Mechanical gyroscopes (such as the one found in the Inertial Measurement Unit of the Apollo guidance computer) consist of three gimbals (x, y and z).

Gimbal lock occurs when two of these end up in the same plane (ie parallel to one another). When this occurs, you can only now measure in two axes, rather than three. Not great when you’re trying to navigate round the 3-D void of space with few landmarks to give you an accurate position fix.

It used to be an issue in fighter aircraft too, before the introduction of laser ring gyros, as extreme nose up or nose down attitudes could cause it.

When you’re walking around or driving around it’s easy to know where you are because you have eyes and can see things like street signs and landmarks. When you’re in something like a submarine or a spaceship, it’s much harder. So how do you ever know where you are if you can’t look out a window?

You use a series of rings called gimbals which spin around and they can basically tell you which direct you’re pointing in. If you combine that knowledge with something like how hard your engines are firing, or elapsed time, you can do math to figure out where you must be from a starting point. Gimbals like this are also called a gyroscope (each gimbal is one ring, 3 rings make a gyroscope).

In the case of the Apollo missions they ran into issues with the gimbals they sent up on the space ships where they “locked”, for whatever reason they stopped accurately reporting what direct the ship was facing. This is obviously suuuuper bad because the tiniest miscalculation meant the spaceship would likely just fly off into space forever or crash into the Earth or Moon. So they were forced to use a sextant and plot their position via the stars just like old timey sailors.

The mission logs actually have a pretty good description of what it is: https://history.nasa.gov/afj/ap13fj/12day4-approach-moon.html

A gimbal allows two boxes (one inside and one outside the gimbal) to rotate separately in three dimensions using three axis of rotation.

I’m the case of Apollo, it was used, IIRC, as part of the inertial measurement system (basically something that measure acceleration).

If two axis of rotation align, then the gimbal has one axis it cannot rotate around anymore (the wikipedia article has a pretty good illustration: https://en.wikipedia.org/wiki/Gimbal_lock along that axis anymore. Which means, there is a direction in which we can’t measure acceleration anymore. So we don’t know where we’re going.

On the spacecraft, they were using a gyroscope/gyrocompass to help navigate. Gyrocompasses are good for navigation and other things because they remain [rigid in space when spinning.](https://www.youtube.com/watch?v=xQb-N486mA4&ab_channel=EuropeanSpaceAgency%2CESA). So, if you get a gyroscope spinning, you use to keep track of your positioning since it stays in place. You tell what is relatively up and down if you align your gyro in that way. This is important as astronaut may need this info to properly line themselves up a course between points in space.

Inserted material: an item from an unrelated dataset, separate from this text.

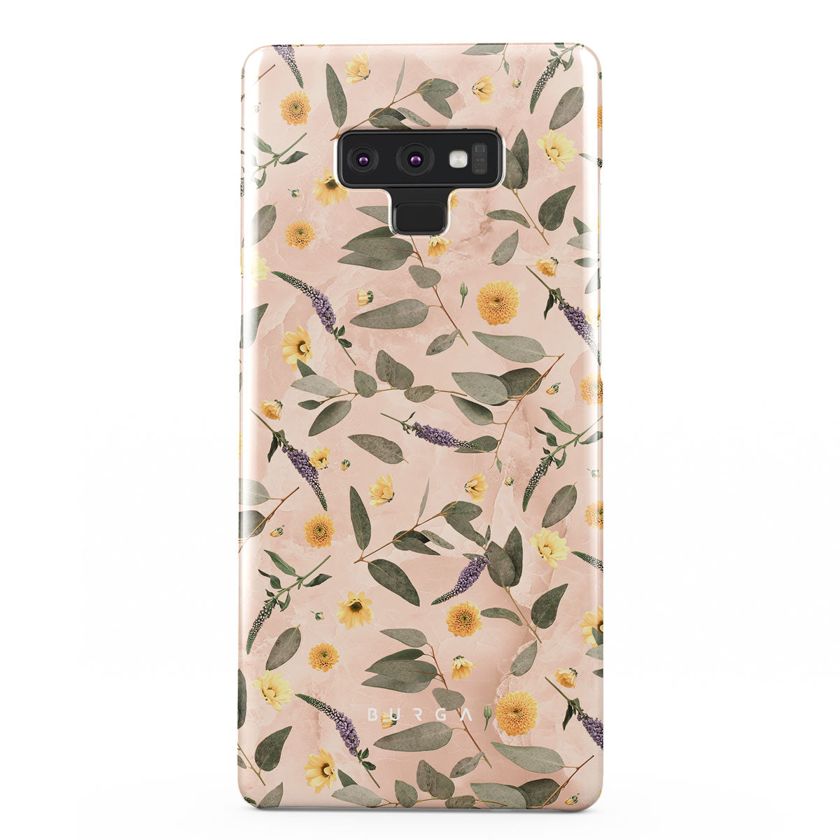 Sunday Brunch Samsung Galaxy Note 9 phone case features a timeless flower pattern. The soft-toned case with a pop of lavender and yellow colors will add a splash of energy to your style while protecting your phone from dangerous falls.

Gimbal lock is when you apply a force to a gyro that causes the rotating axies of the gyro (also known as the gimbals) to line up and “lock up” with eachother. When this happens the gyro no longer maintains its rigidity and becomes useless. [In this video, you can see that the gyro does like a full flip when the rings ling up.](https://youtu.be/oj7v3MXJL3M?t=106). Imagine trying to navigate, and your instrument literarily flips upside down.

In Apollo 13, the spacecraft was shimmying violently in all direction after the explosion. This movement applied force on the gyro. If enough force was applied, the rings of the gyro would align, they would lock up, and gimbal lock occurs. This ruin the gyro’s ability to give the astronauts directional data. With gimbal lock, they wouldn’t be able to determine what is up, down, sideways, etc.

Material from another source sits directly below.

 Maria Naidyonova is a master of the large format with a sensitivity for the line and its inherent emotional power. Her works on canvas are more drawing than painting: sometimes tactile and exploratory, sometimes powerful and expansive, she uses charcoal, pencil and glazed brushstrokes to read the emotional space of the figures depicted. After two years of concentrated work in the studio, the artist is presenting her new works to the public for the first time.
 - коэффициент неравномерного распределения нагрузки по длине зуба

[This video explains it a bit more](https://www.youtube.com/watch?v=OmCzZ-D8Wdk&ab_channel=TheVintageSpace)

A gimbals that whirly metal round thing that you often see in labs on space related movies.

I don’t know anything regarding spacecrafts use of them, but they are used in lots of everyday equipment too, like stage lights that rotate in multiple different ways, which I know a lot more about.

In that context, ‘gimbal lock’ is when the light refuses to move out of a certain position, and therefore the light becomes next to useless unless the gimbal can be replaced.

I imagine on a spacecraft, gimbal lock could be a lot more serious than a lightshow fucking up.